When the pandemic hit, all venues cancelled show after show.  For those who love to go see live music, the venues have been somewhat supported by their patrons with "social distancing events" and other fund-raisers.  But, what about the musicians that play IN those venues?  Not all of them are "famous" and can rely on their catalog of music from decades past.

You may know that my husband is a working musician as well as a music teacher.  We have been very fortunate to have him teach from our house during the pandemic, but many of our friends rely on performing for an audience to pay their bills and put food on the table for their families.  That's why they got in to the business in the first place, they love music, they love to perform and give back to their audience.

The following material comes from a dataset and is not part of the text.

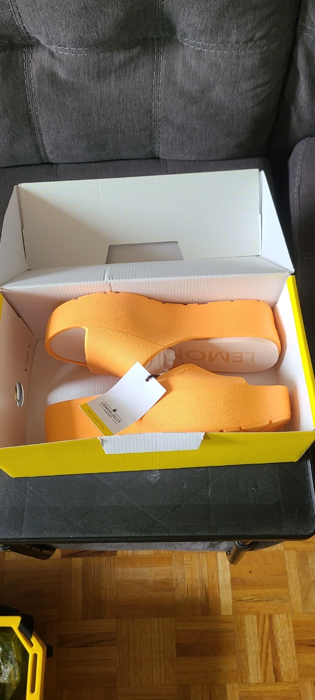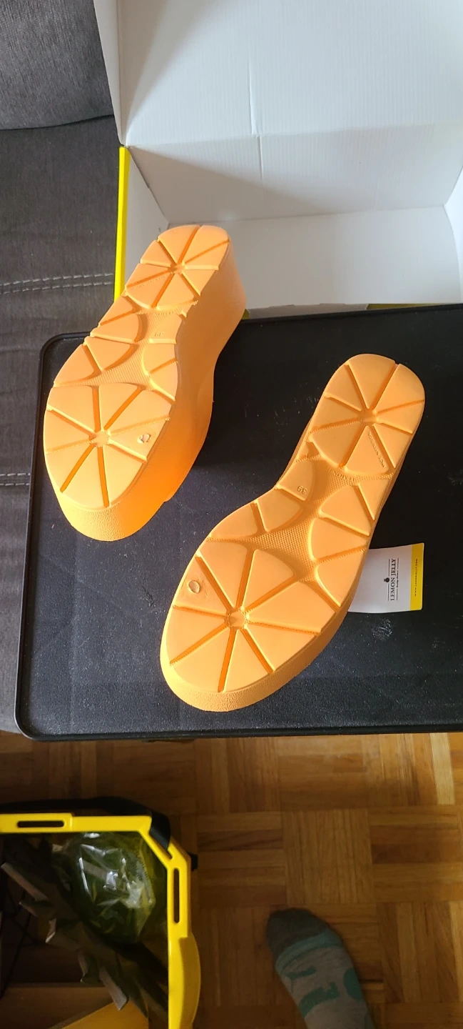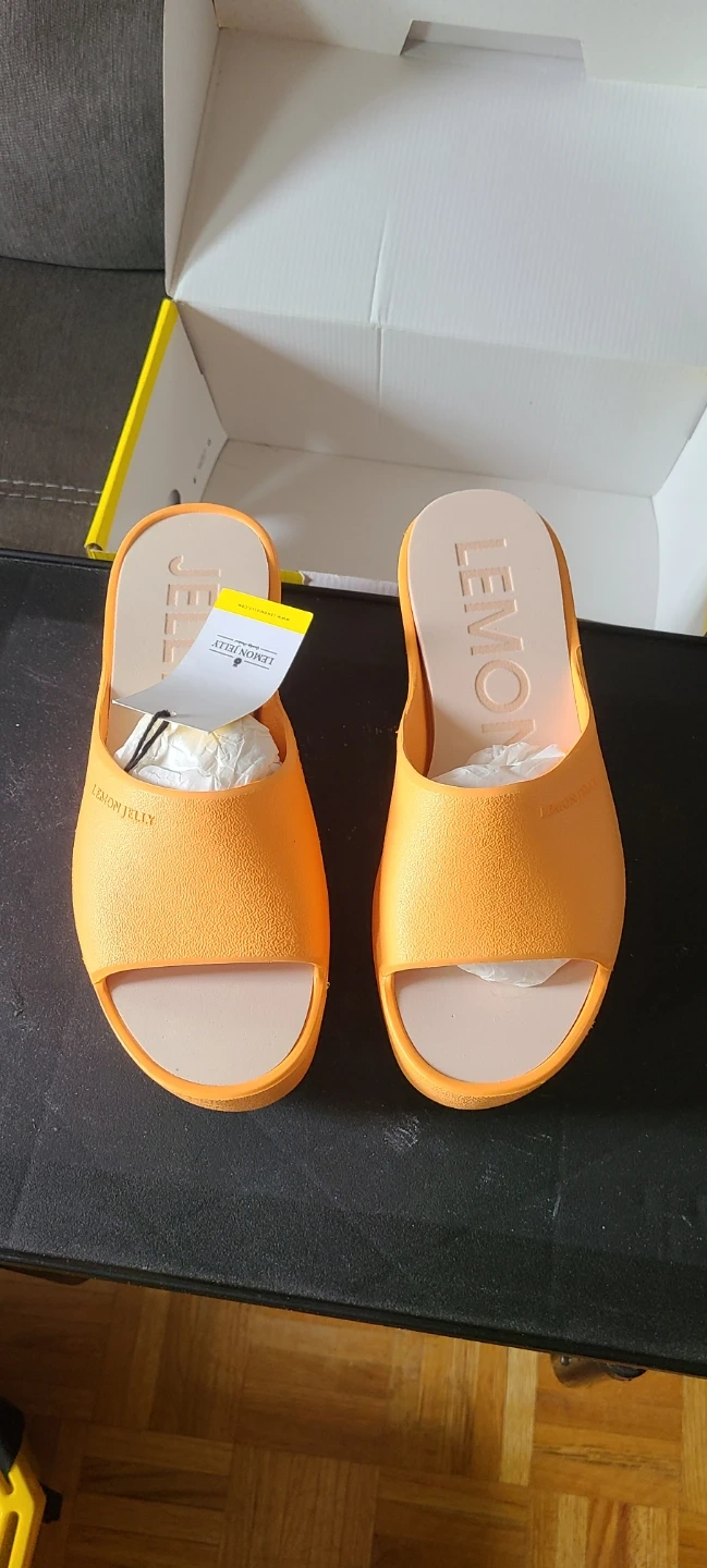 Brand new Lemon Jelly slide sandals in a bright orange colour. These platform sandals are made from a rubber material. Comes with the original box and tags.

I was so happy to hear about the organization, "New England Musicians Relief Fund" that was set up to help working musicians.  Their mission statement says:

The global pandemic has created acute financial distress for the over 2000 freelance musicians who make their living playing music in New England. Due to the “gig” nature of freelance work, when the halls went dark on March 13, freelancers were left—overnight—with no regular income, few benefits, and for many, no qualified unemployment insurance, even under the emergency CARES Act. NEMRF was created in 2020 as a nonprofit philanthropy to help New England musicians weather this Covid-19 shutdown of the music industry, and create an endowment that will go on to provide a safety net for years and decades to come.

With this fund, March 13, 2020, the day that the music stopped, will be less difficult to live through with your donations.

I live for music and many live performances have touched me in a way that nothing else can.  I can't wait to go to my next live show!